Hear Roots Rocker Andrew Leahey Talk Health Scare With Chris Shiflett
Singer-songwriter Andrew Leahey‘s journey to releasing his debut album Skyline in Central Time with his band the Homestead was arduous to say the least. Along with the expected obstacles that all independent musicians encounter, from finding just the right band to scrounging up the necessary funds to record, the Virginia native also faced an unexpected and potentially fatal hurdle: a brain tumor.
As the latest guest on Walking the Floor, Foo Fighters guitarist Chris Shiflett’s entertaining country and Americana podcast, Leahey recalls his life-changing 2013 diagnosis and surgery, the circumstances surrounding his roots-rocking album and his hair-metal beginnings in Richmond. Here are five things we learned from Shiflett’s chat with Leahey – who is also a contributing writer to Rolling Stone Country. Listen to the full episode below.
Leahey is also a music journalist and once wrote for the conservative Washington Times newspaper.
Just out of college, Leahey landed a gig interviewing artists with shows coming through the D.C. area for an unlikely source – the ultra-conservative Washington Times newspaper. Occasionally, the paper’s politics created unusual problems, like the time Leahey was barred from talking to Pearl Jam’s Eddie Vedder, a noted liberal activist. “My editor said, ‘I cannot abide him,'” he says. “I would talk to gay bands, bands I knew that the Washington Times, if they knew what was going on, wouldn’t want me talking to.”
Leahey was diagnosed with a brain tumor after years of struggling with migraines and hearing issues.
“I started getting migraines in ’09,” he explains. “I tried to get it checked out but who knows where headaches come from. Then when we were touring heavily in 2012 and 2013 I started getting hearing problems, and they went deeper than ‘I’ve had drums in my ear for a month.’ It felt like my ears were packed with cotton, it would go in and out and for a while I was hearing two pitches in that ear. It was terrible for playing onstage, and I had some terrible gigs.” Leahey eventually passed out in a grocery store parking lot, leading to the fateful MRI. They were like, ‘Oh, you have this tumor and that’s why you’ve been having problems.’ That was 2013, the diagnosis came in August and the brain surgery was in November.”
Leahey’s surgery came three months after his diagnosis, but the guitarist pushed himself to get back out on the road.

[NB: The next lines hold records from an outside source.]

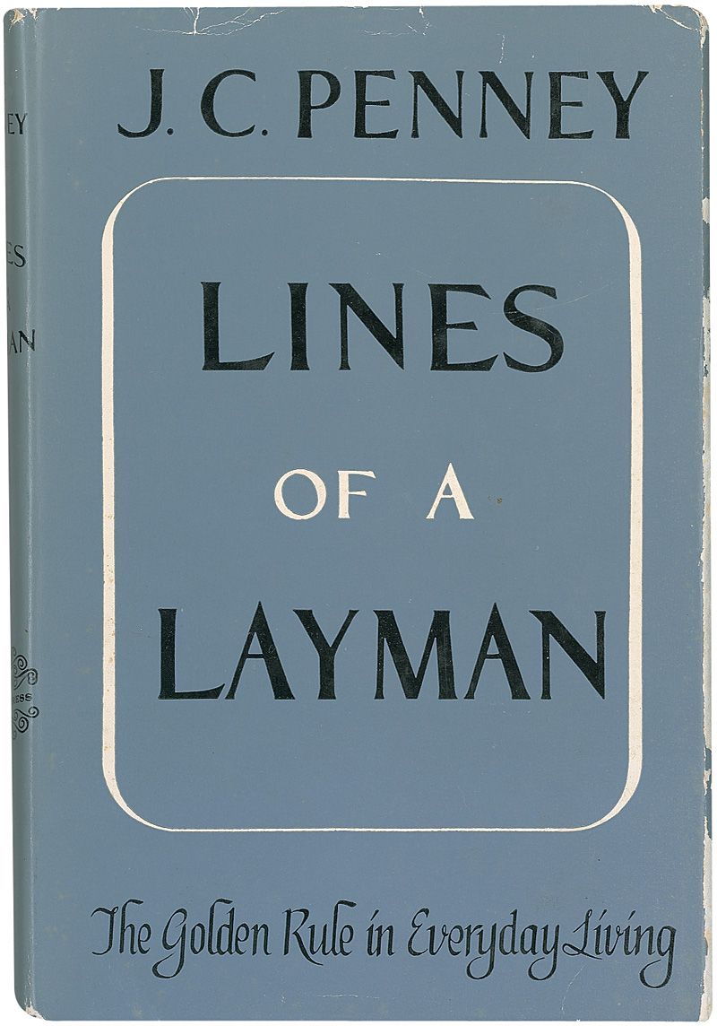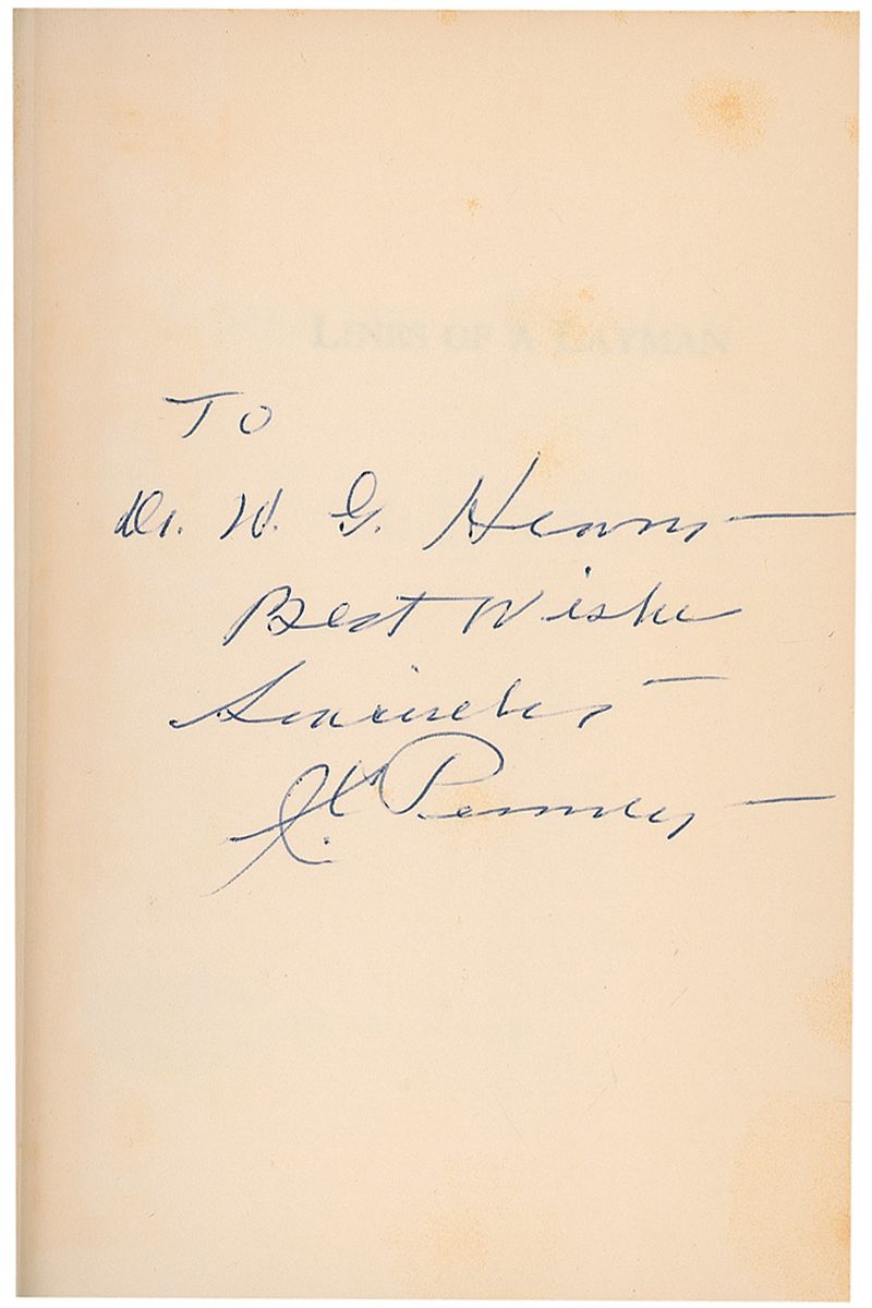 Signed book: Lines of a Layman. Later printing. NY: Channel Press, 1956. Hardcover with dustjacket, 5.5 x 8.25, 224 pages. Signed and inscribed on the first free end page, “To Dr. W. G. Henm—Best wishes, Sincerely—J. C. Penney.” Scattered light toning to signed page and both pastedowns, spotting to both boards, and scattered wear and small tears to dustjacket, otherwise fine condition.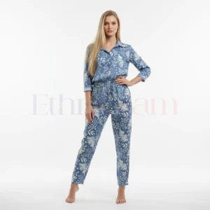 Women’s long rayon kurti pyjama set in dark blue with shimmer floral print. Includes loose-fit kurti and elastic waist pyjama with pocket. Lightweight, breathable, and non-transparent fabric.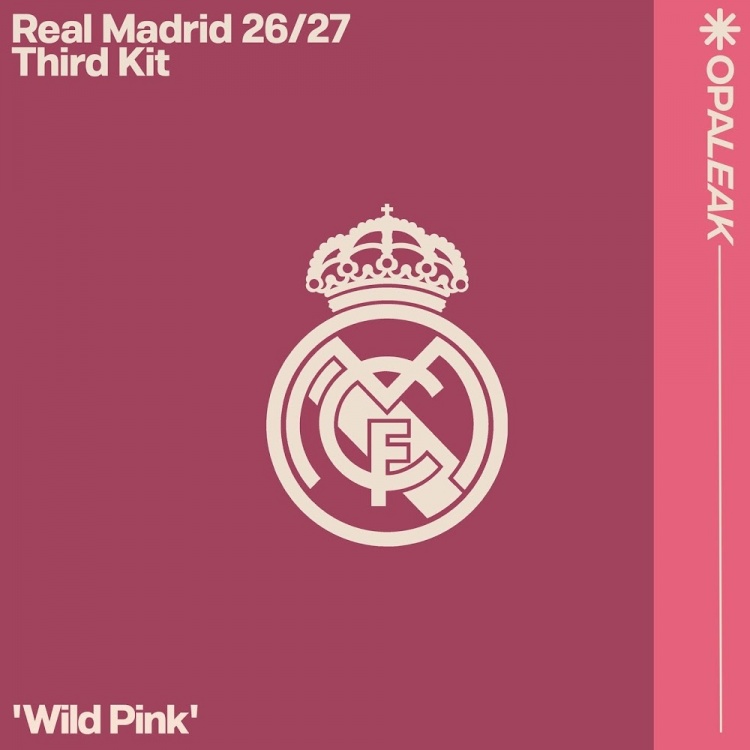 皇马26/27赛季第三客场球衣琢磨:主体为粉色,融入拉丁好意思学元素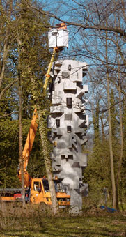 In der Gegend von Rolandswerth sind laut ökologischem Sachverständigen entlang des Flusses sechs verschiedene Arten von Fledermäusen zu finden. Es handelt sich dabei um den großen Abendsegler (Nyctalus noctula), die Wasserfledermaus (Myotis daubentoni), das Große Mausohr (Myotis myotis), die Rauhhautfledermaus (Pipistrellus nathusii), die Zwergfledermaus (Pipistrellus pipistrellus) und die Mückenfledermaus (Pipistrellus pygmäus). Da gerade in dieser Gegend die Auen-Landschaft ziemlich "ausgeräumt" ist und die Fledermäuse wegen mangelnder Nistmöglichkeiten europaweit vom Aussterben bedroht sind, erscheint es sinnvoll in den "Geheimen Gärten Rolandswerth" diesen Fledertieren Nist-und Überwinterungsquartiere anzubieten. Die dafür vorgesehenen Nisthöhlen einer auf die Bedürfnisse von Fledertieren spezialisierten Firma sind in einiger Höhe in südlicher Richtung auf dem Betonturm zwischen den Buchstaben angebracht, um den verschiedenen Arten von "Handflüglern" eine neue Heimat zu geben. Natürlich ist noch nicht gesagt, dass die Tiere die Brutplätze annehmen werden. Aber mit einem vielschichtigen Nist-Angebot wurden optimale Bedingungen geschaffen, um oben beschriebenes Bild des fledermausumkreisten Turmes zu erzeugen.

“The operation was 12 hours and I was not awake,” he says. “I woke up in the Neuro-ICU and I was there for the majority of a week. I came home and for the first month it was pure Lazy-Boy time. I couldn’t lift anything over five pounds, I was having this two-tone hearing thing so I couldn’t watch TV or listen to music and was just in constant pain. I heard the doctor say for every hour you’re asleep in the operating room it takes a month to get better.” Leahey couldn’t wait and rushed his return to playing live. “That was my decision and it was not a smart one. I think I just wanted to prove to everyone I could do it … I’d be onstage asking myself, ‘Why did I put myself through this? Why go through the costly process of touring if you can’t give it your all?'”
In the end, the health scare resulted in new artistic clarity for Leahey.
Leahey always assumed his big break would come on the road after delivering the perfect show to the right person, but following his surgery, he tried a different approach. He started writing more songs for what would become Skyline in Central Time and landed a deal with Thirty Tigers. “[The experience] clarified what you want to do and what you can do. I was a born-again road warrior,” he says. “This thing that almost ended my career wound up helping it get going again … It taught me to care about it more and that bled into how I play it and write it.”
Jason Isbell made a surprise appearance at a benefit concert in Nashville organized to help Leahey pay for his mounting medical bills.
“I got to know him because I did a piece in American Songwriter just before [Isbell’s album] Southeastern came out,” Leahey says. “He kept in touch and when I got sick, we had insurance but it’s not cheap to get brain surgery … The bills were adding up, so that show was Jason Isbell playing with Amanda Shires, the Wild Feathers and Nikki Lane, and two local acts, Great Peacock and Derek Hoke, and it helped cover all my costs at the time. It was great. We just went on tour with Amanda two months ago, and was great to thank her for all they did for me.”